TERMS AND CONDITIONS

1.
Grant of Units. Lowe’s Companies, Inc. (the “Company”) hereby grants to the Grantee named on Page 1 hereof (“Grantee”), subject to the restrictions and the other terms and conditions set forth in the Lowe’s Companies, Inc. 2006 Long Term Incentive Plan, as amended and restated (the “Plan”) and in this award agreement (this “Agreement”), deferred stock units (the “Units”) representing the right to receive the number of shares indicated on Page 1 hereof of the Company’s Common Stock (the “Shares”). Capitalized terms used herein and not otherwise defined shall have the meanings assigned to such terms in the Plan.

2.
Vesting of Units. All Units granted pursuant to this Agreement shall be immediately one hundred percent (100%) vested in the Grantee on the Award Date.

3.
Deferral Account; Dividend Units. The Units shall be credited to a bookkeeping account in the name of the Grantee on the books and records of the Company (the “Deferral Account”). Within thirty (30) days after the payment date of any cash dividend with respect to shares of Common Stock of the Company, the Grantee’s Deferral Account shall be credited with the number of additional Units determined by dividing (a) the product of the total number of Units credited to the Grantee’s Deferral Account as of the record date for such dividend multiplied by the per share amount of the dividend by (b) the Fair Market Value of a share of Common Stock on such record date (the “Dividend Units”).
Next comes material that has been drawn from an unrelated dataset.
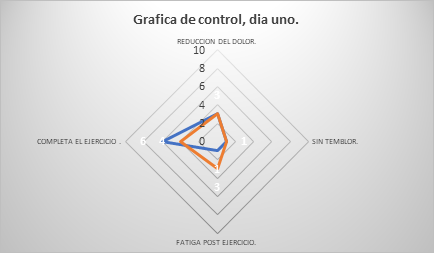 · El dolor durante los ejercicios isométricos no supera 4 en IPP. · Unisonó en la interpretación del tipo de dolor que tienen. · Dificultades al realizar los ejercicios, debilidad o interrupción del ejercicio. · Función normal de musculatura en flexión y extensión de codo. · Los participantes logran rangos articulares completos, estos son evaluados de manera lenta y controlada. · Datos de goniometría activa con mejores rangos en movimientos. · La mayoría refiere fatiga fuerte/extrema al realizar los ejercicios. · A los participantes con temblor por fatiga mayor a 10 segundos se los interrumpe y se inicia una siguiente repetición. · Siete participantes no lograron completar los 40 segundos por debilidad o temblor (se anota el mejor tiempo de las series). · Ningún paciente refiere dolor con relación al ejercicio de los anteriores días. · Los participantes indican ligera mejoría en las actividades de la vida diaria y dolor. · Varios participantes refieren demasiado esfuerzo, al realizar dos repeticiones se reduce el peso en un kilo. |

Dividend Units shall be immediately one hundred percent (100%) vested in the Grantee when credited to the Grantee’s Deferral Account.

4.
Receipt of Shares. The Company will issue the Shares, plus any additional shares of Common Stock of the Company represented by Dividend Units credited to the Grantee’s Deferral Account, to the Grantee, or in the event of the Grantee’s death to the Grantee’s estate, as soon as practicable following the Grantee’s termination of service as a member of the Board of Directors of the Company. The form of payment shall be one share of the Company’s Common Stock for each Unit credited to the Grantee’s Deferral Account and cash for any fractional Unit. Distribution shall be made in a single sum payment of shares and cash.

5.
Limitation of Rights. The Units and Dividend Units do not confer to Grantee any rights of a shareholder of the Company unless and until shares of Common Stock of the Company are in fact issued to the Grantee in connection herewith.

6.
Restrictions on Transfer and Pledge. No right or interest of the Grantee in the Units and Dividend Units may be pledged, encumbered, or hypothecated to or in favor of any party other than the Company or an affiliate, or shall be subject to any lien, obligation, or liability of Grantee to any other party other than the Company or an affiliate.

7.
Plan Controls. The terms contained in the Plan (including without limitation provisions regarding changes in capital structure of the Company) are incorporated into and made a part of this Agreement and this Agreement shall be governed by and construed in accordance with the Plan. In the event of any actual or alleged conflict between the provisions of the Plan and the provisions of this Agreement, the provisions of the Plan shall be controlling and determinative.

8.
Successors. This Agreement shall be binding upon any successor of the Company, in accordance with the terms of this Agreement and the Plan.

9.
Severability. If any one or more of the provisions contained in this Agreement are invalid, illegal or unenforceable, the other provisions of this Agreement will be construed and enforced as if the invalid, illegal or unenforceable provision had never been included.

10.
Notice. Notices and communications under this Agreement must be in writing and either personally delivered or sent by registered or certified United States mail, return receipt requested, postage prepaid. Notices to the Company must be addressed to:

Lowe’s Companies, Inc.
1000 Lowes Boulevard
Mooresville, NC 28117
Attn: Executive Vice President, General Counsel and Corporate Secretary

or any other address designated by the Company in a written notice to Grantee. Notices to the Grantee will be directed to the address of the Grantee then currently on file with the Company, or at any other address given by Grantee in a written notice to the Company.